The etiology of glottic insufficiency is shown in Table 2. The most common causes of glottic insufficiency were iatrogenic operative injury (56%), followed by idiopathic etiologies (33%) and malignancy (18%). Thyroid surgery (18%) and anterior cervical spine surgery (9%) were the leading operative causes for vocal cord dysfunction and paralysis. Procedure characteristics are summarized in Table 3. In our cohort, 65 (41%) patients underwent prior treatment with vocal cord injection and 7 (4%) patients had a previous type 1 thyroplasty. Fifty-three (33%) patients underwent right sided surgery, 87 (54%) had left-sided surgery, and 20 (13%) had bilateral surgery.

Table 2.

Characteristics of Vocal Cord Insufficiency.

Patient Characteristic	n (%)
Causes of vocal cord insufficiency
Parathyroid/thyroid surgery	31 (19.4)
Cervical surgery	14 (8.8)
Thoracic surgery	8 (5)
Esophagectomy	7 (4.4)
Other surgery	5 (3.1)
Intubation	3 (1.9)
Idiopathic	54 (33.8)
Trauma	5 (3.1)
Malignancy	28 (17.5)
Parkinson hypophonia	1 (0.6)
Stroke	1 (0.6)
Laryngeal fracture	1 (0.6)
Neck radiation	1 (0.6)
Laryngeal sarcoidosis	1 (0.6)
Previous vocal cord injection	65 (40.6)

Table 3.

Type 1 Thyroplasty Procedure Characteristics.

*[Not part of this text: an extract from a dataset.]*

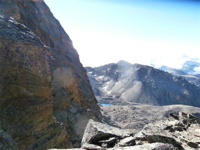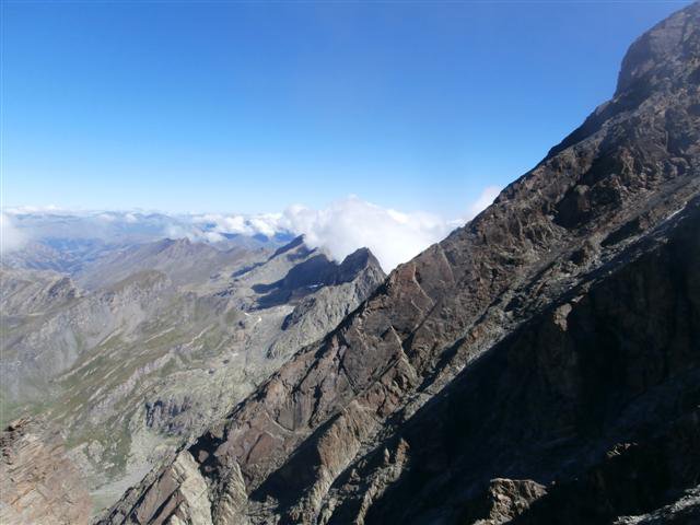 Stamattina alle 6 solo 9° a Castello: bene si sale al fresco e anche veloci. Sentiero per il bivacco Berardo rimesso a nuovo, ma sempre con pendenze redditizie e dopo circa 10 minuti di sentiero verso il Boarelli si sale a sx (qualche rado ometto) verso il canale sud ben evidente: nonostante le piogge di ieri canale asciutto , ma da fare con cautela, muove tutto. Arrivo al colletto Guillemin e piego verso dx sulla cresta sud-ovest della Caprera: primi metri all’ombra rocce bagnate e verglassate rallentano un poco la marcia ma poi con il sole tutto migliora e si arriva alla bella croce di vetta. Gran panorama, per poco però: qui le nebbie sono di casa, il tempo di vedere in Monviso imbiancato da una leggera spolverata di neve e ,dopo una lunga sosta, riprendo la via del ritorno incontrando 3 persone che salivano (saluti). Oggi in solitaria

Procedure Characteristic	n (%)
Sides of operation
Left	87 (54.4)
Right	53 (33.1)
Bilateral	20 (12.5)
Type of surgery
New patient	153 (95.6)
Revision	7 (4.4)
Type of implant
Silastic	142 (88.8)
Gore-Tex	11 (6.9)
Pedicled muscle flap	7 (2.9)

Complications

Surgical complications (Table 4) were classified as either intraoperative or postoperative. Major postoperative complications were classified as complications that resulted in prolonged hospitalization or readmission, higher acuity of care, or necessitated a return to the OR. Minor complications were defined as complications observed during routine office visit or reported by patient phone call requiring medical treatment or outpatient observation. Nine (5.6%) cases involved major complications: hematoma (2), hemorrhage (1), prosthesis extrusion (1), laryngeal edema (4), and aspiration pneumonia (1). Overall mean time to postoperative complication was 6.9 ± 9.7 days (range, 0-32 days). Intraoperative vocal cord tears occurred in 6 (3.8%) cases. All cases were repaired using a transposition muscle flap with sternohyoid or sternothyroid muscle; all patients were discharged the same day as surgery and recovered with no further complications. Eight (5.0%) cases involved minor complications: wound complications treated in-office (3), mild laryngeal edema treated with short-term steroids (4), and low-volume hemoptysis (1).

Table 4.

Complication.

Procedure Complication	n (%)
Intraoperative vocal cord tear	6 (3.8)
Postoperative	9 (5.6)
Hematoma	2 (1.3)
Laryngeal edema	4 (2.5)
Aspiration pneumonia	1 (0.6)
Bleeding wound	1 (0.6)
Prosthesis extrusion	1 (0.6)
Revision surgery required	22 (13.8)

Only 2 cases of hematoma and 1 case of postoperative hemorrhage were observed. One case occurred in a patient after restarting anticoagulation therapy with apixaban due to underlying atrial fibrillation; bedside evacuation was performed under local anesthesia. Another patient had a hematoma and bleeding from the incision site on postoperative day 1 (POD1) requiring operative neck exploration to control the bleeding. A third patient had postoperative wound hemorrhage and severe ecchymosis over the neck and chest in the setting of prior warfarin use; the patient was observed in the hospital for 2 days and his symptoms resolved without further complication.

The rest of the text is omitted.